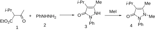 Ethyl 2-isopropylacetoacetate (1) and phenylhydrazine (2) are combined to form the pyrazolone ring in the intermediate (3), which is alkylated with methyl iodide to yield propyphenazone.[8][9]
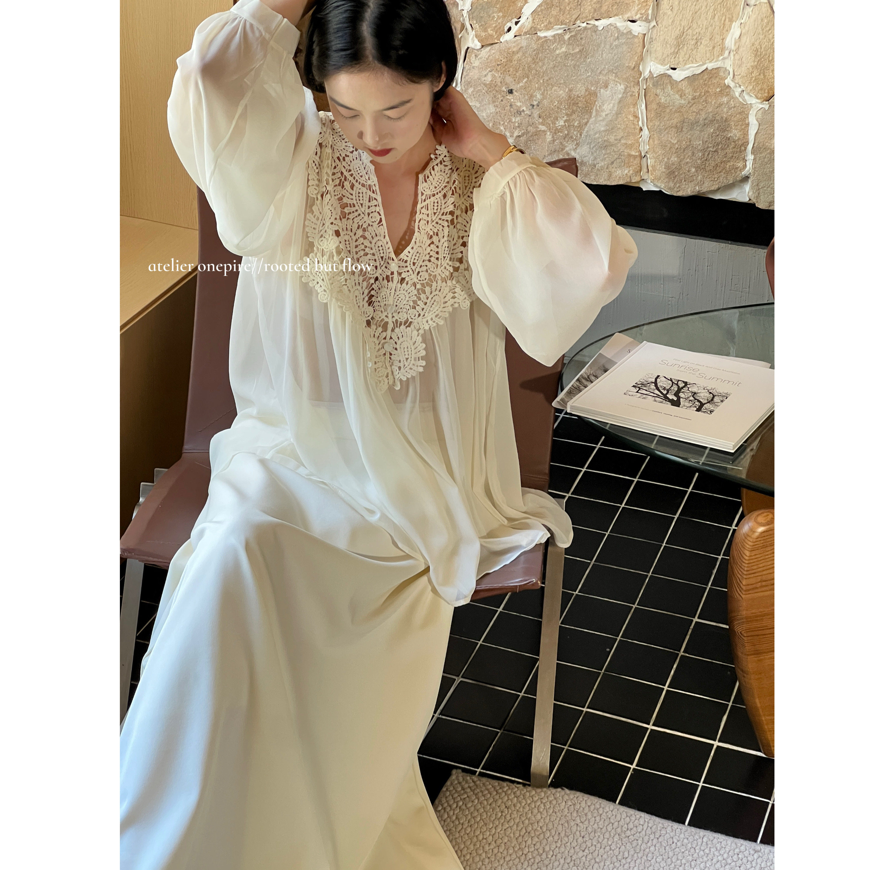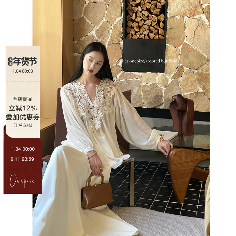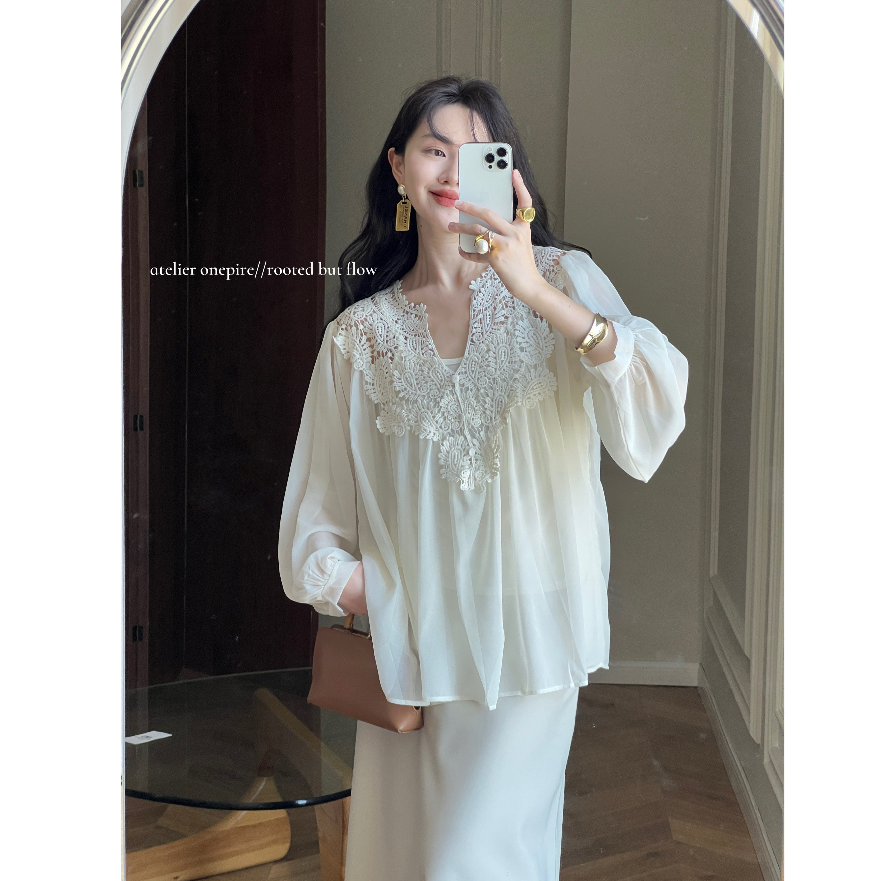 📚 【现货Atelier Onepire|《月芙蕖》蕾丝钩花雪纺拼接显瘦百搭上衣
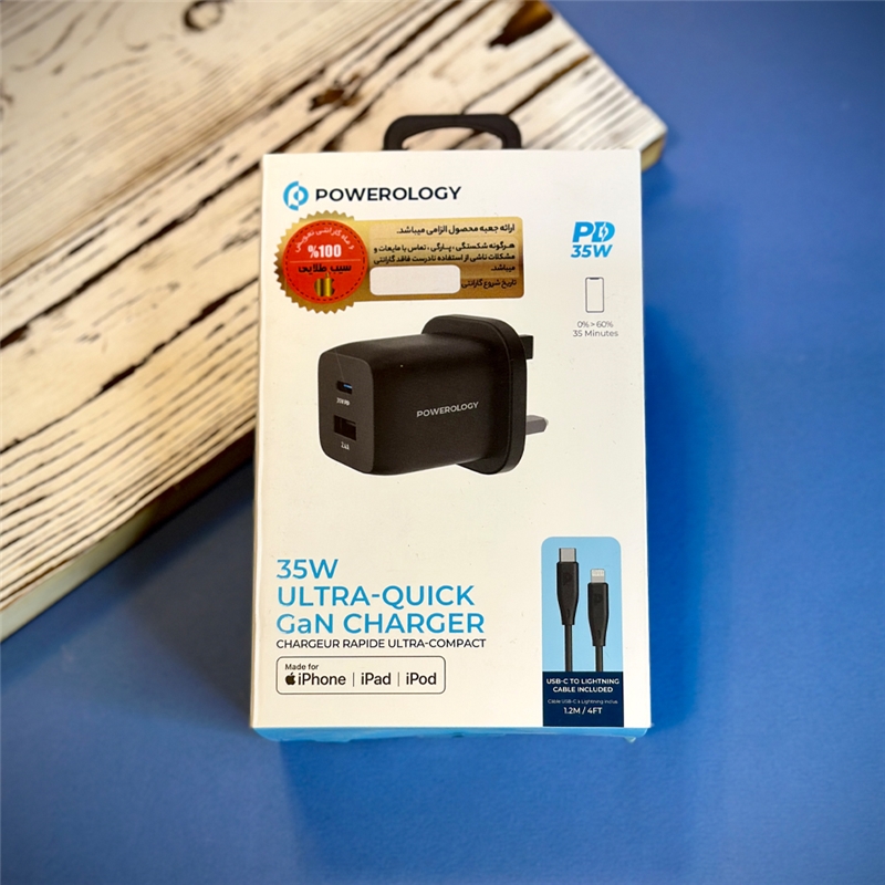 شارژر 35W پاورولوژی Powerology مدل PWCUQC005 فست شارژ به همراه کابل دارای کابل تایپ سی به لایتنینگ 1.2 متر کابل دارای تاییدیه MFI دارای تکنولوژی GaN دارای 2 خروج خروجی تایپ سی تا 20 وات خروجی USB تا 12 وات گارانتی 6 ماهه شرکتی
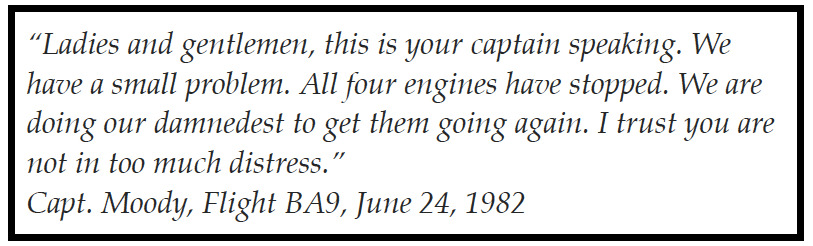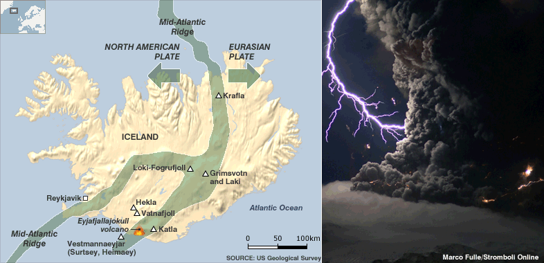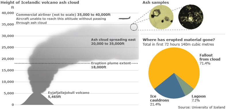 Plumes And AircraftAsh plumes and ash clouds from volcanic eruptions have caused aircraft engine failure. Intersection with a thick ash cloud from Mount Galunggung volcano, near Jakarta, Indonesia, caused all 4 jet engines to fail on British Airways Flight #9 on June 24, 1982 (Fig. 11a). Fortunately, the flight crew were able to glide the airplane to a safe landing. A similar incident occurred on December 15, 1989, when KLM Flight #867 flew through an ash cloud emanating from Alaska’s Mount Redoubt. The flight dropped 4,000 m in 8 minutes before the aircraft’s engines were able to be restarted and the plane safely landed. In April 2010, an ash plume from Iceland's Eyjafjallajökull volcano (Fig. 11b) reached a height of 5,500 m (18,000 ft) before high altitude winds dispersed it into a diffuse ash cloud over western Europe (Fig. 11c). Although this was not an especially large volume eruption, commercial air traffic was disrupted throughout Europe for several weeks.
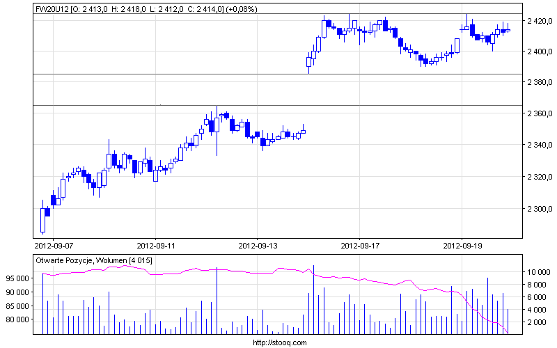Indeks wszedł w zakres luki, kontrakt był większej wiary i utrzymał dotychczasową minę 2385, kolejny plus.
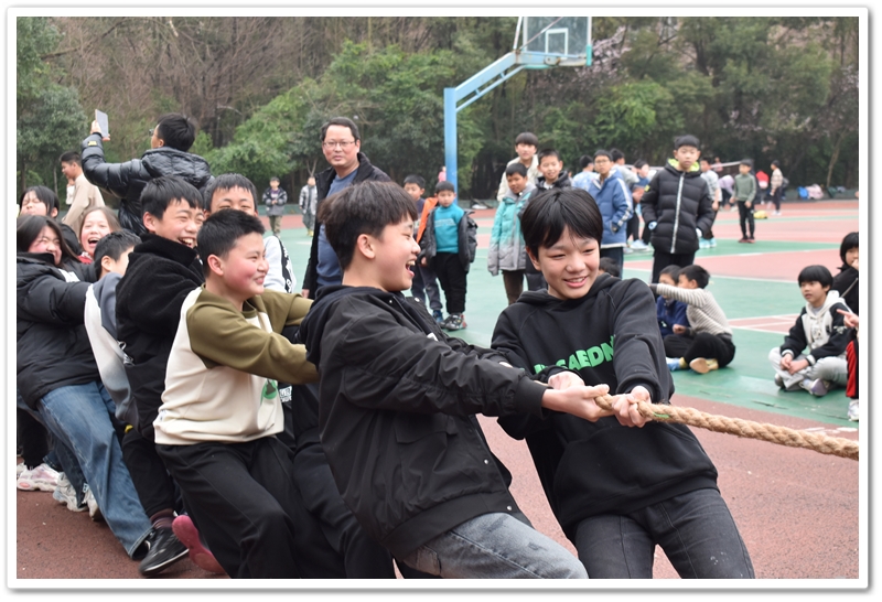 在万物复苏,生机盎然、春光明媚的三月,为了丰富同学们的校园文化生活,提升同学们的综合素质,培养同学们的团结协作精神,以及扎实推进校园阳光体育运动,正源学校小学部六年级于2024年3月7日下午在小学部运动场举行了一场别开生面的拔河比赛。

EXERCISE DESCRIPTION: Look above for the line with "Plumes And AircraftAsh" and the line with "Indeks wszedł w". Copy them and every line between, exactly, but no pictures.

RESPONSE TO THE EXERCISE:
 Plumes And AircraftAsh plumes and ash clouds from volcanic eruptions have caused aircraft engine failure. Intersection with a thick ash cloud from Mount Galunggung volcano, near Jakarta, Indonesia, caused all 4 jet engines to fail on British Airways Flight #9 on June 24, 1982 (Fig. 11a). Fortunately, the flight crew were able to glide the airplane to a safe landing. A similar incident occurred on December 15, 1989, when KLM Flight #867 flew through an ash cloud emanating from Alaska’s Mount Redoubt. The flight dropped 4,000 m in 8 minutes before the aircraft’s engines were able to be restarted and the plane safely landed. In April 2010, an ash plume from Iceland's Eyjafjallajökull volcano (Fig. 11b) reached a height of 5,500 m (18,000 ft) before high altitude winds dispersed it into a diffuse ash cloud over western Europe (Fig. 11c). Although this was not an especially large volume eruption, commercial air traffic was disrupted throughout Europe for several weeks.
Indeks wszedł w zakres luki, kontrakt był większej wiary i utrzymał dotychczasową minę 2385, kolejny plus.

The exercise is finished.